REQUIRED WORK ▸ From the line that contains "31 января 1946" to the last line of the data below, transcribe every line exactly. Do not include the pictures.

DATASET EXCERPTS ▸
--- START ---

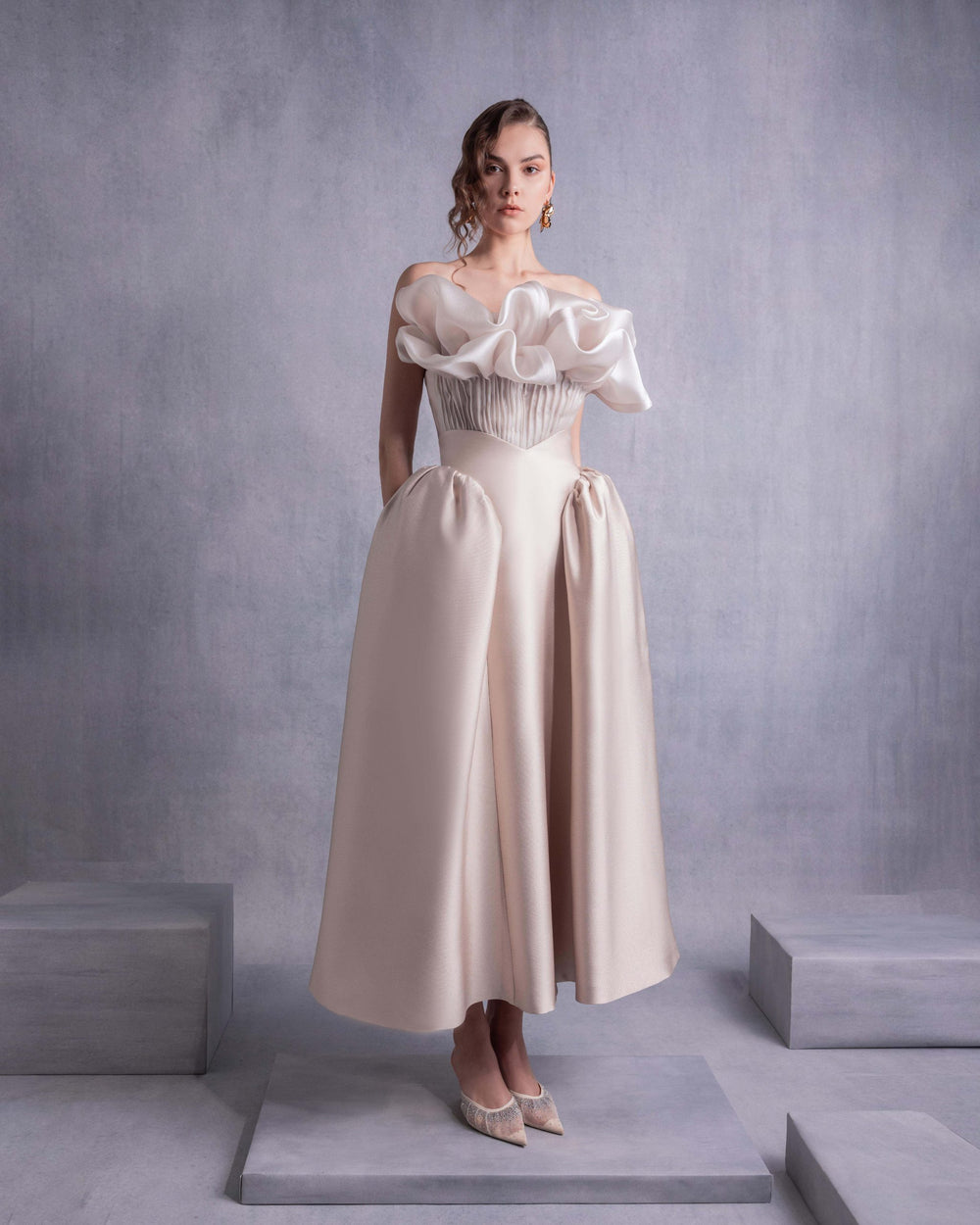 Gold champagne organza corset top with dramatic ruffled neckline and a sculptural silhouette, perfect for formal occasions.
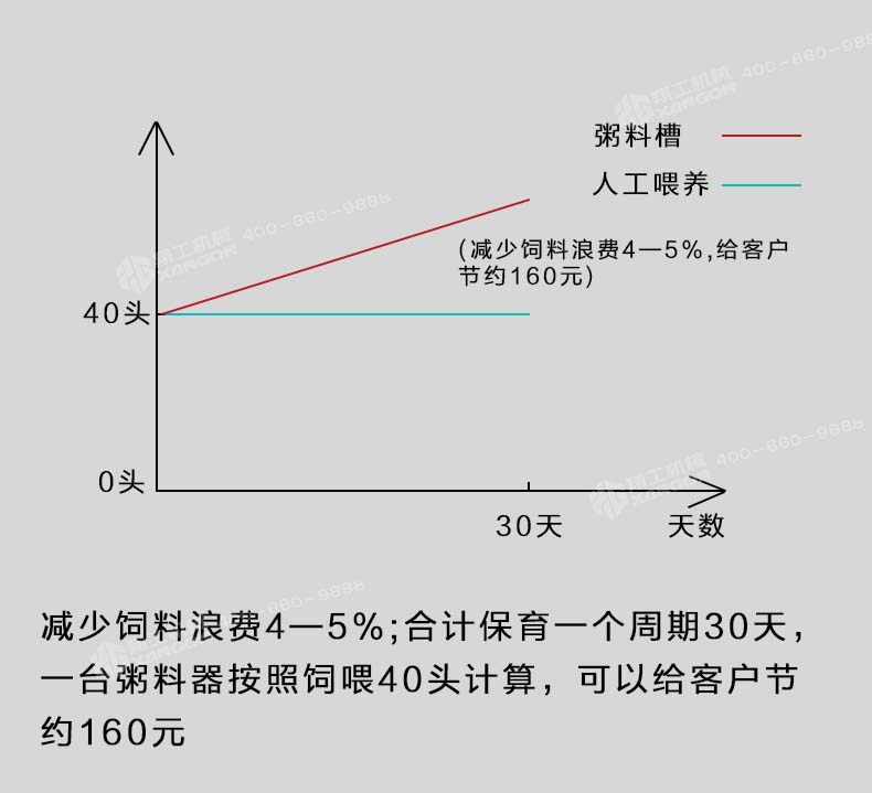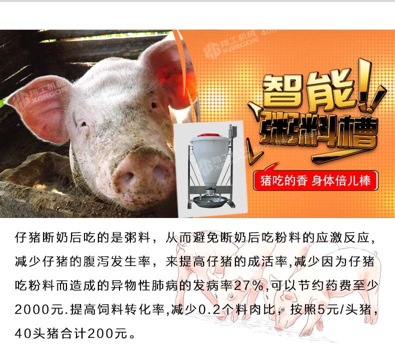 即便按照三個(gè)好處累加保育一次可以節約560元,一年按照使用粥料器保育6—8窩仔豬,累加一臺粥料器智能豬料槽通過(guò)在豬場(chǎng)的試驗得出驗證,解決了飼料轉化率,豬通過(guò)食料相比之前的飼喂每天多增重0.4斤,減少和杜絕了胃腸道病的發(fā)生幾率。合理采食的同時(shí)減少了飼料的浪費,省料即是省錢(qián),普通的飼喂飼料浪費率在5%-10%,豬場(chǎng)中使用了粥料器后飼料浪費率控制在2%左右。減少人員的勞動(dòng)強度,夜晚無(wú)法定量投喂的問(wèn)題。
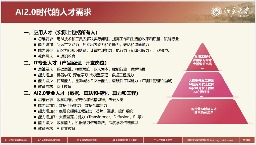 - 能力增加:掌握数据工程、底层软硬件工程、大模型范式(如Transformer、Diffusion、RL等)能力,能够从事AI前沿技术研发和创新。
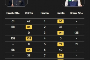 全場(chǎng)比賽,江俊打出一桿135分和兩桿50+(71、58),賀國(guó)強(qiáng)打出三桿破百(102、109、118)和三桿50+(61、58、56)
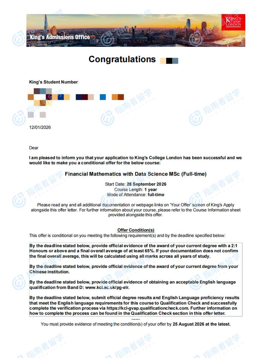 倫敦大學(xué)國王學(xué)院金融數(shù)學(xué)與數(shù)據(jù)科學(xué)理學(xué)碩士研究生offer一枚
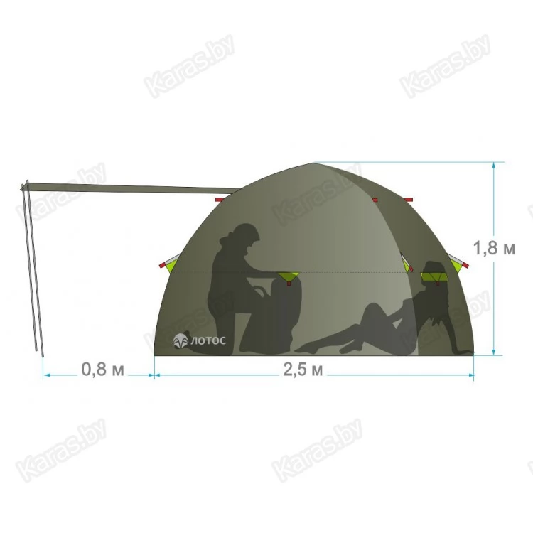 Размеры укрытия позволяют установить в нем кемпинговую мебель (стол со стульями), а также разместить до трех спальных мест.
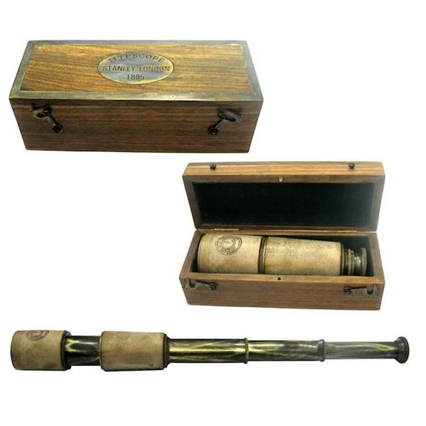 Our models have all the little details that would amaze you the moment you see them. Just look at them and you will highly appreciate not only the skills but also the time that our master craftsmen spend on each of these models. This hand held telescope is made of high quality brass. Each component is crafted with the finest craftsmanship. It comes with antique looking leather overlay that provides a rugged look and feel. Its available in antique brass finish and comes with a rosewood gift box. This is a great item to use and add to any nautical collection. The item dimensions are: L: 16 inches extended, W: 2.25, H: 2.25 inches.
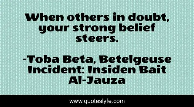 This page presents the quote "When others in doubt, your strong belief steers.". Author of this quote is Toba Beta, Betelgeuse Incident: Insiden Bait Al-Jauza. This quote is about steer, doubt, belief, strong,.
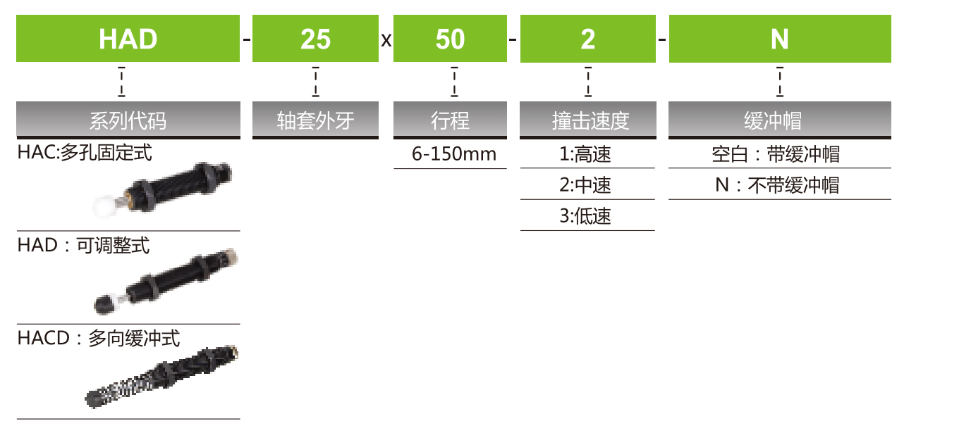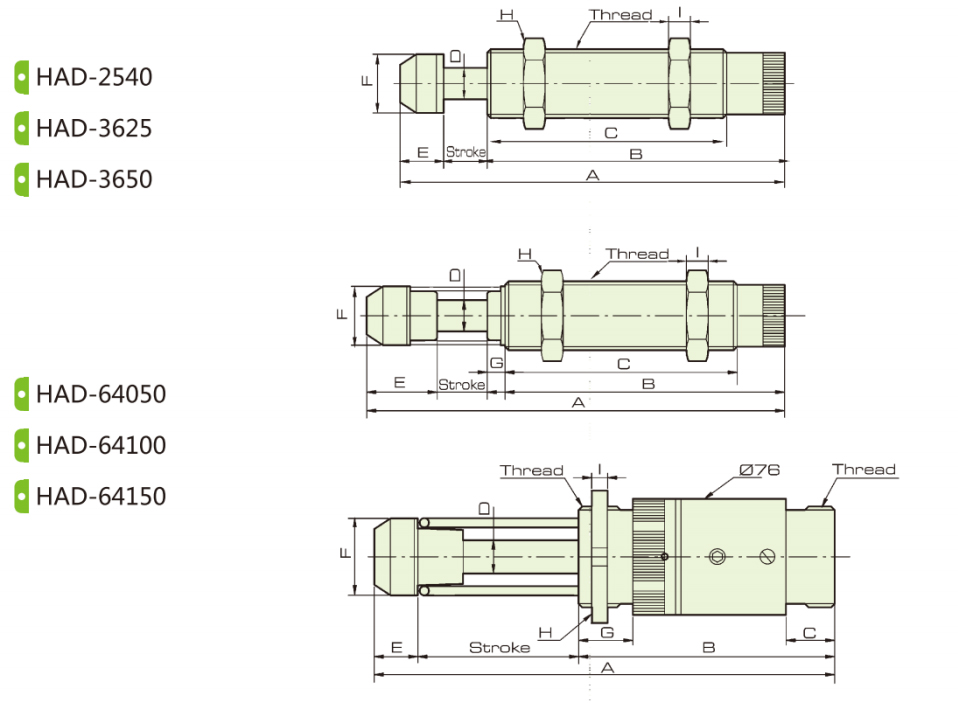 | HAD-2525-N | M25×1.5 | - | 118.5 | 101 | 8 | - | - | - | 32 | 10 |
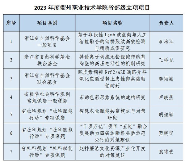 日前,浙江省自然科学基金委员会办公室公布了2024年度浙江省基础公益研究计划项目的立项名单,我校共获立项3项基金项目,其中基金一般项目1项、联合基金项目2项。立项数量位居全省高职院校中的第2名,获历史性突破!
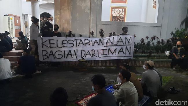 Pantauan detikJateng, spanduk putih 'KELESTARIAN ALAM BAGIAN DARI IMAN, GUSTI BERKAHI, dan #SAVE WADAS, itu ditulis dengan cat semprot hitam. Spanduk itu sepanjang sekitar lima meter itu dibentangkan di sisi utara luar masjid.
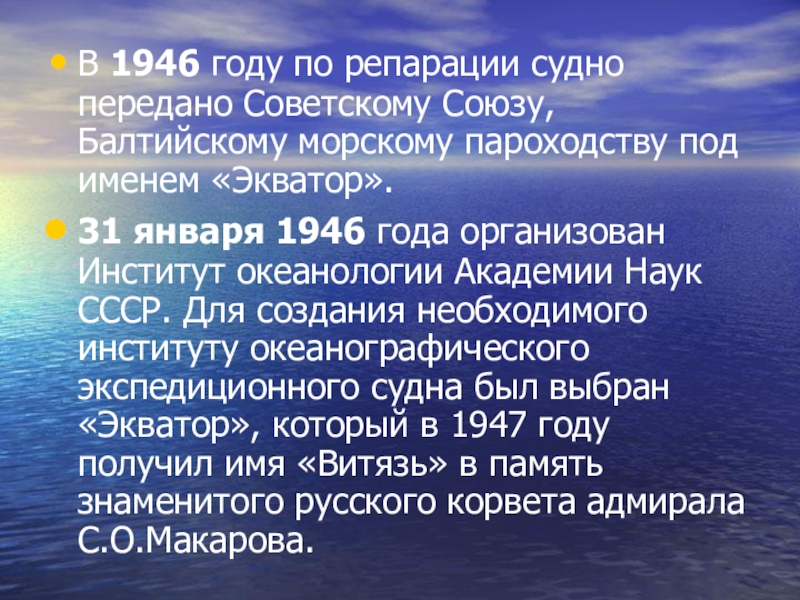 31 января 1946 года организован Институт океанологии Академии Наук СССР. Для создания необходимого институту океанографического экспедиционного судна был выбран «Экватор», который в 1947 году получил имя «Витязь» в память знаменитого русского корвета адмирала С.О.Макарова.
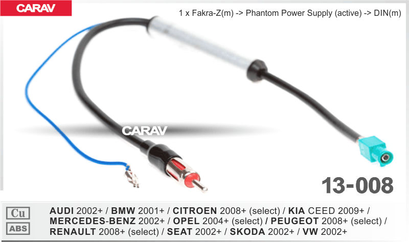 —Переходник для подключения штатной антенны к магнитоле CARAV 13-008: AUDI - MERCEDES-BENZ - SEAT - SKODA - VW 2002+ (all models) / BMW 2001+
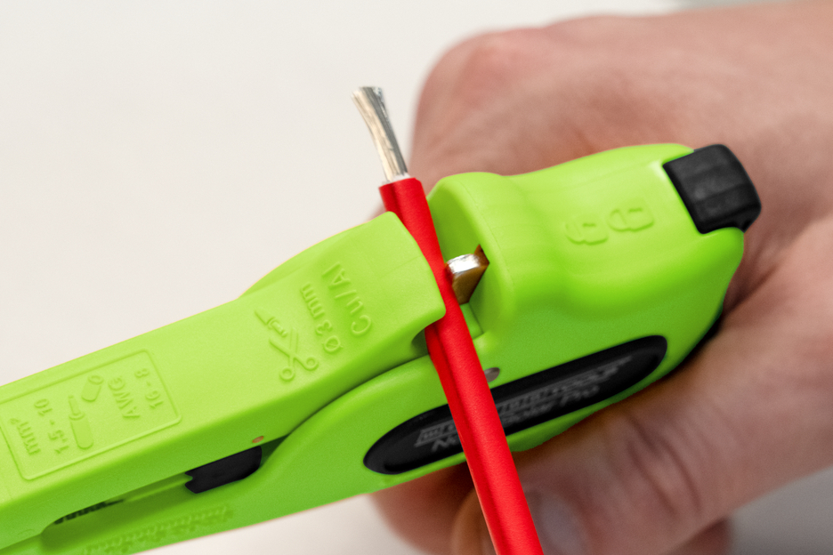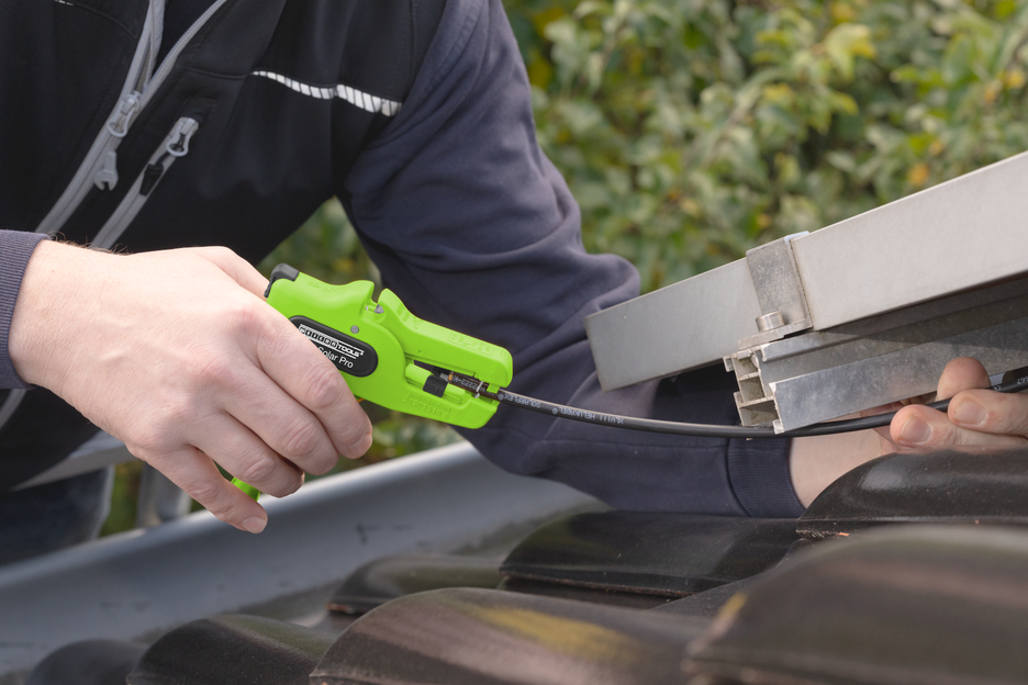 Outil spécial pour dénuder et isoler les câbles courants dans le domaine solaire I Grande plage de travail puissante de 1,5 mm² à 10 mm² I Travail précis grâce à la butée de longueur réglable (5 - 25 mm) I Pince coupante latérale intégrée et facilement accessible jusqu'à 3 mm Ø Cu/Al I Poignée multi-composants ergonomique et antidérapante
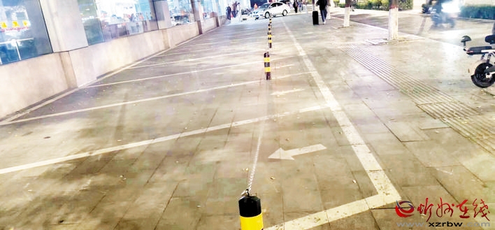臨街停車位商戶私拉繩索存隱患
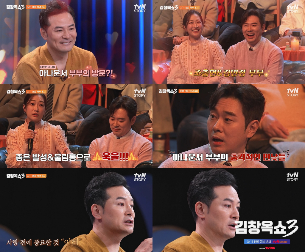 '김창옥쇼3'에 대한민국 대표 아나운서 부부 조충현, 김민정이 출격, 뜻밖의 고민 상담에 나선다.

--- END ---

EXERCISE RESULT ▸
 31 января 1946 года организован Институт океанологии Академии Наук СССР. Для создания необходимого институту океанографического экспедиционного судна был выбран «Экватор», который в 1947 году получил имя «Витязь» в память знаменитого русского корвета адмирала С.О.Макарова.
 —Переходник для подключения штатной антенны к магнитоле CARAV 13-008: AUDI - MERCEDES-BENZ - SEAT - SKODA - VW 2002+ (all models) / BMW 2001+
 Outil spécial pour dénuder et isoler les câbles courants dans le domaine solaire I Grande plage de travail puissante de 1,5 mm² à 10 mm² I Travail précis grâce à la butée de longueur réglable (5 - 25 mm) I Pince coupante latérale intégrée et facilement accessible jusqu'à 3 mm Ø Cu/Al I Poignée multi-composants ergonomique et antidérapante
臨街停車位商戶私拉繩索存隱患
 '김창옥쇼3'에 대한민국 대표 아나운서 부부 조충현, 김민정이 출격, 뜻밖의 고민 상담에 나선다.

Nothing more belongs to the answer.